I was under the impression that ...
echo "Hello World, I am an example-text" | sed 's#[^a-z0-9]\+#.#ig'
... always results in:
Hello.World.I.am.an.example.text
But then I was told that "it replaces every character not lowercase or a digit followed by + " and that it is the same as [^a-z0-9][+].
So my real question: is there any regex definition or implementation that does not treat either x+ or x\+ the same as xx*.

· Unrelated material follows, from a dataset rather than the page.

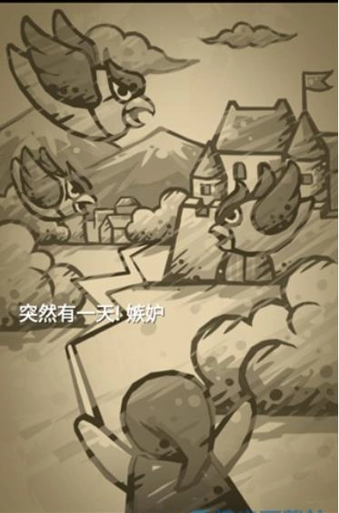 3、剧情结束后就会在村庄场景开启游戏,点击上方的小鸟进行射击,要是没击中的话它还会再次出现;

POSIX "basic" regular expressions do not support + (nor ?!). Most implementations of sed add support for \+ but it's not a POSIX standard feature. If your goal is maximum portability you should avoid using it. Notice that you have to use \+ rather than the more common +.
echo "Hello World, I am an example-text" | sed 's#[^a-z0-9]\+#.#ig'
The -E flag enables "extended" regular expressions, which are a lot closer to the syntax used in Perl, JavaScript, and most other modern regex engines. With -E you don't need to have a backslash; it's simply +.
echo "Hello World, I am an example-text" | sed -E 's#[^a-z0-9]+#.#ig'
From https://www.regular-expressions.info/posix.html:
POSIX or "Portable Operating System Interface for uniX" is a collection of standards that define some of the functionality that a (UNIX) operating system should support. One of these standards defines two flavors of regular expressions. Commands involving regular expressions, such as grep and egrep, implement these flavors on POSIX-compliant UNIX systems. Several database systems also use POSIX regular expressions.
The Basic Regular Expressions or BRE flavor standardizes a flavor similar to the one used by the traditional UNIX grep command. This is pretty much the oldest regular expression flavor still in use today. One thing that sets this flavor apart is that most metacharacters require a backslash to give the metacharacter its flavor. Most other flavors, including POSIX ERE, use a backslash to suppress the meaning of metacharacters. Using a backslash to escape a character that is never a metacharacter is an error.
A BRE supports POSIX bracket expressions, which are similar to character classes in other regex flavors, with a few special features. Shorthands are not supported. Other features using the usual metacharacters are the dot to match any character except a line break, the caret and dollar to match the start and end of the string, and the star to repeat the token zero or more times. To match any of these characters literally, escape them with a backslash.
The other BRE metacharacters require a backslash to give them their special meaning. The reason is that the oldest versions of UNIX grep did not support these. The developers of grep wanted to keep it compatible with existing regular expressions, which may use these characters as literal characters. The BRE a{1,2} matches a{1,2} literally, while a\{1,2\} matches a or aa. Some implementations support \? and \+ as an alternative syntax to \{0,1\} and \{1,\}, but \? and \+ are not part of the POSIX standard. Tokens can be grouped with \( and \). Backreferences are the usual \1 through \9. Only up to 9 groups are permitted. E.g. \(ab\)\1 matches abab, while (ab)\1 is invalid since there's no capturing group corresponding to the backreference \1. Use \\1 to match \1 literally.
POSIX BRE does not support any other features. Even alternation is not supported.
(Emphasis mine.)
So my real question: is there any regex definition or implementation that does not treat either x+ or x\+ the same as xx*.
I can't think of any real world language or tool that supports neither + nor \+.
In the formal mathematical definition of regular expressions there are commonly only three operations defined:
Concatenation: AB matches A followed by B.
Alternation: A|B matches either A or B.
Kleene star: R* matches 0 or more repetitions of R.
These three operations are enough to give the full expressive power of regular expressions†. Operators like ? and + are convenient in programming but not necessary in a mathematical context. If needed, they are defined in terms of the others: R? is R|ε and R+ is RR*.
† Mathematically speaking, that is. Features like back references and lookahead/lookbehind don't exist in formal language theory. Those features add additional expressive power not available in mathematical definitions of regular expressions.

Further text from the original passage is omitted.